### [RECORDS FOR THIS TASK]
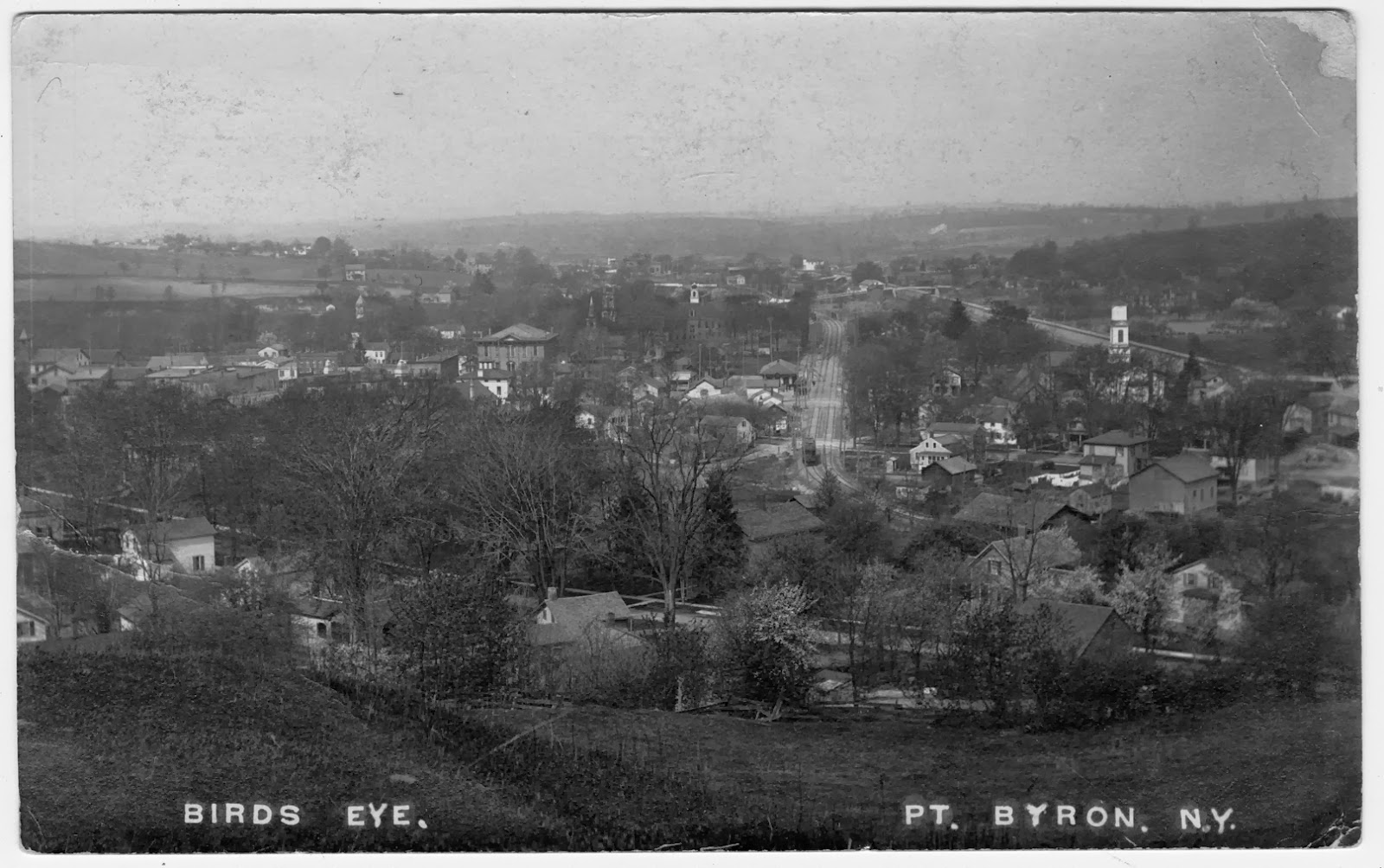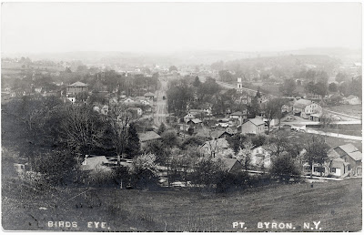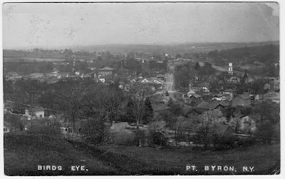 Bill Hecht sent along the early “birdseye” looking west along the Enlarged Erie. It should be called a “hillseye” as the photographer is standing on the hill to the east of the village, a favorite spot for many photographers. The newer birdseye, looks west along the new Rochester, Syracuse and Eastern Interurban line.
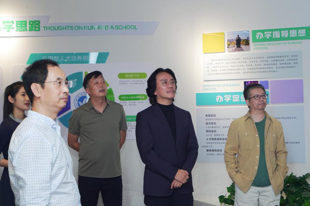 会见座谈之前,创作团队在学校领导的陪同下参观了学校校史馆,观看了学校建校20周年的宣传片,校长于光辉介绍了学校在管理与治理、应用型人才培养和适合的教育理念下的个性化教育等三方面特色。团队和学校双方就音乐剧人才培养的办学条件、师资队伍建设风方面进行交流,表示将各自领域优势,整合优质资源,积极探寻合作方式。
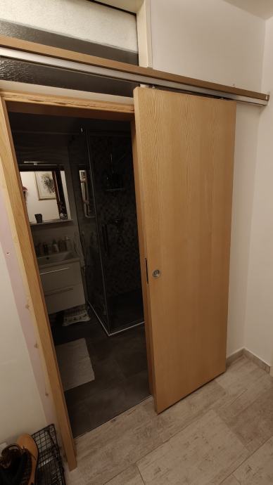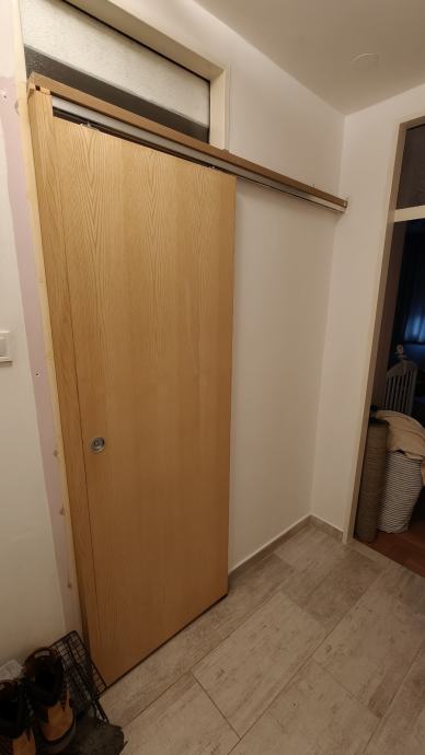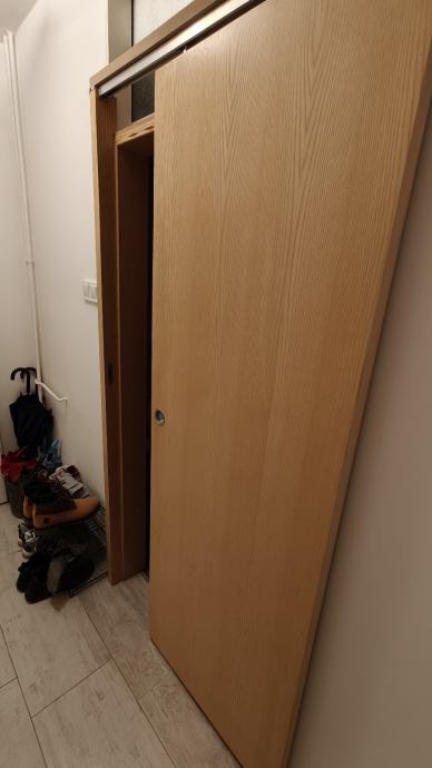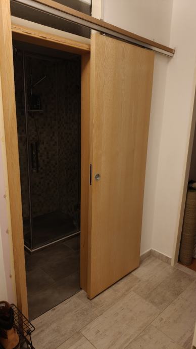 Prodajem klizna vrata,rastavljena,u odlicnom stanju.Vrata (ŠxVxD): 68x200x4.5,Okvir: 65x196.5x13.Prodaje se rastavljeno sa vodilicom
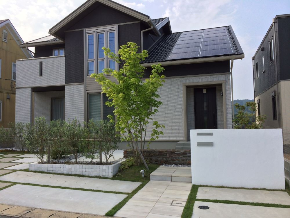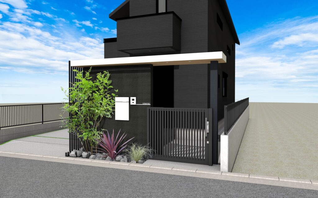施工例:和歌山市 外構工事 新築モダン オープン外構 玄関前雨除け屋根 レンガ花壇 駐車場ガレージ床 土間コンクリート 木製調デザインアルミ角柱シンボルツリー タイルデッキ 自転車バイク屋根 ヨド物置 犬走り 防犯砂利敷き。
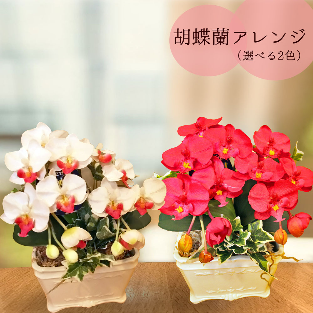 母の日 花 胡蝶蘭 ミニ アレンジ 造花 光触媒 お祝い 白 ホワイト 赤 レッド かわいい 誕生日 大輪 長寿 プレゼント ギフト コチョウラン
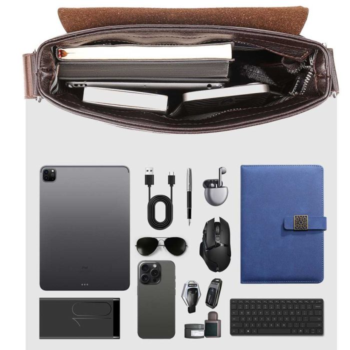 This Multi-layer Leather Crossbody Bag Provides Organized Space for Files and Tools, Durable Material Maintains Its Quality, Modern Design Makes It Suitable for Daily and Business Use
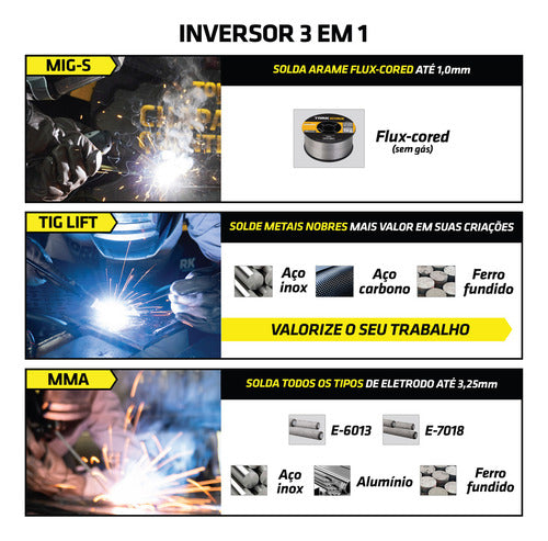 Produto combinado 3X1, a fonte de solda tem a capacidade de realizar 3 processos de soldagem como MIG SEM GÁS, TIG-LIFT e MMA.

### [WHAT IS NEEDED]
Every line from the one containing "Prodajem klizna vrata,rastavljena,u" to the end of the material above is to be returned exactly, with the pictures left out.

### [WRITTEN RESPONSE]
 Prodajem klizna vrata,rastavljena,u odlicnom stanju.Vrata (ŠxVxD): 68x200x4.5,Okvir: 65x196.5x13.Prodaje se rastavljeno sa vodilicom
施工例:和歌山市 外構工事 新築モダン オープン外構 玄関前雨除け屋根 レンガ花壇 駐車場ガレージ床 土間コンクリート 木製調デザインアルミ角柱シンボルツリー タイルデッキ 自転車バイク屋根 ヨド物置 犬走り 防犯砂利敷き。
 母の日 花 胡蝶蘭 ミニ アレンジ 造花 光触媒 お祝い 白 ホワイト 赤 レッド かわいい 誕生日 大輪 長寿 プレゼント ギフト コチョウラン
 This Multi-layer Leather Crossbody Bag Provides Organized Space for Files and Tools, Durable Material Maintains Its Quality, Modern Design Makes It Suitable for Daily and Business Use
 Produto combinado 3X1, a fonte de solda tem a capacidade de realizar 3 processos de soldagem como MIG SEM GÁS, TIG-LIFT e MMA.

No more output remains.